Es cierto que la ley vigente de sociedades anónimas no prevé un consejo de vigilancia, como lo hacen otras leyes europeas. Sin embargo, no parece adecuado deducir de ello que el consejo de administración no tenga la obligación de vigilar el cumplimiento del derecho y, por lo tanto, de los delitos que pudieran cometer los miembros del mismo en el ejercicio de la administración en el ejercicio de tal función.

Por lo pronto el art. 133 LSA responsabiliza a los administradores de los daños que causen por actos "realizados sin la diligencia con la que deben desempeñar el cargo" (art 133.1 LSA). La diligencia debida, como es claro, sólo se satisface cuando el obligado se informa suficientemente sobre la marcha de la sociedad y, sobre todo, de la legalidad de esa marcha. Es difícil admitir que un miembro del consejo de administración desempeña su cargo diligentemente cuando se lo exime de comprobar la legalidad de la actuación de los representantes o de otros miembros del consejo, especialmente cuando existen razones -como en este caso- para sospechar una distracción de dinero en perjuicio de los inversores.

El mismo art. 133. 1 LSA exige responsabilidad de los administradores "por actos contrarios a la ley", entre los que, obviamente, se encuentran los delitos, y, en su apartado 2, extiende, bajo ciertas condiciones, esta responsabilidad incluso a los actos de otros administradores. Sólo excluye la responsabilidad cuando los administradores no conocían los actos o, cuando los conocían, cuando prueben que "hicieron todo lo conveniente para evitar el daño". Estas normas son claramente reveladoras del deber de vigilancia que incumbe a los administradores ante actos de indiscutible ilegalidad como la distracción de dinero.



Basta considerar las modernas exigencias del derecho mercantil contable, las recomendaciones establecida en el Código Unificado de Buen Gobierno Corporativo y los valores de la cultura empresarial que han sido subrayados por los responsables financieros y los especialistas en gobierno corporativo para comprobar que la extensión dada a los deberes de un ordenado empresario forman parte de la cultura empresarial actual, que exige un alto nivel de exigencia en el cumplimiento de los deberes de vigilancia.



Por lo tanto, de los valores culturalmente reconocidos es posible inferir sin la menor fricción que el deber de vigilancia de un ordenado empresario, que forma parte de un consejo de administración, requiere, al menos, evitar activamente que algún miembro del mismo desvíe los fondos recibidos de los inversores hacia fines diversos de los establecidos contractualmente con ellos, que es precisamente, lo que ocurrió en este caso.

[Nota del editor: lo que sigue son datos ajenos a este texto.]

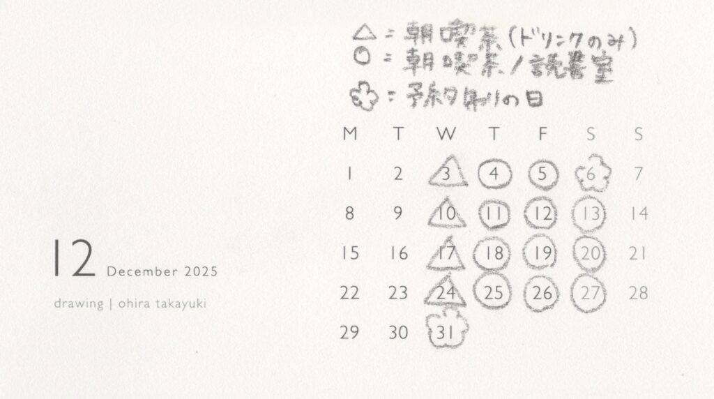 ここ数年毎回思っているのですが、やっと今年の数字(2025)に慣れたと思ったら次の年が来てしまうような感覚があります。ようやく慣れてきた2025年、あと少しですがどうぞよろしくお願いいたします。また、年始は1週間ほどお休みをいただく予定です。
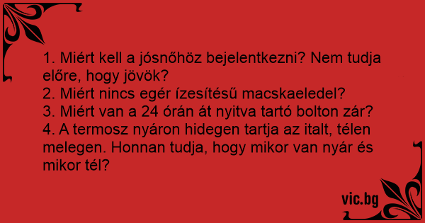 - "Страхотно нещо е тоя термос. През зимата държи чая топъл, а през лятото лимонадата студена!" - Да, само се чудя как термоса разбира кога е лято и кога зима?!

No requiere ninguna compleja argumentación sostener que los acusados hubieran podido impedir la continuación de los daños que finalmente se produjeron, porque ello es evidente. Estaba dentro de sus facultades decidir la interrupción de las operaciones en las que se prometía un altísimo interés que no sería posible satisfacer y contaban con la mayoría necesaria dentro del consejo de administración para hacerlo”.


Confío que la larga transcripción de los argumentos principales de la Sentencia y del Voto particular hayan convencido al lector de que estamos ante un debate interesante, en especial si lo enlazamos con las contribuciones doctrinales y jurisprudenciales que, desde la perspectiva mercantil, se ven afectadas por la posición adoptada por la Sala 2ª de lo Penal del Tribunal Supremo. Pienso que en ambas posturas expresadas en la Sentencia reseñada subyace, junto a la construcción jurídica respectiva, una valoración distinta de los hechos. Por supuesto que pueden hacerse muchas matizaciones a partir del tamaño de la sociedad y de otras circunstancias ampliamente invocadas (composición del Consejo, naturaleza retribuida o no del cargo, etc.), pero no es dudoso que nociones como la de la culpa in vigilando o la del modelo “supervisor” del Consejo cobran especial significación a la vista de esa Sentencia.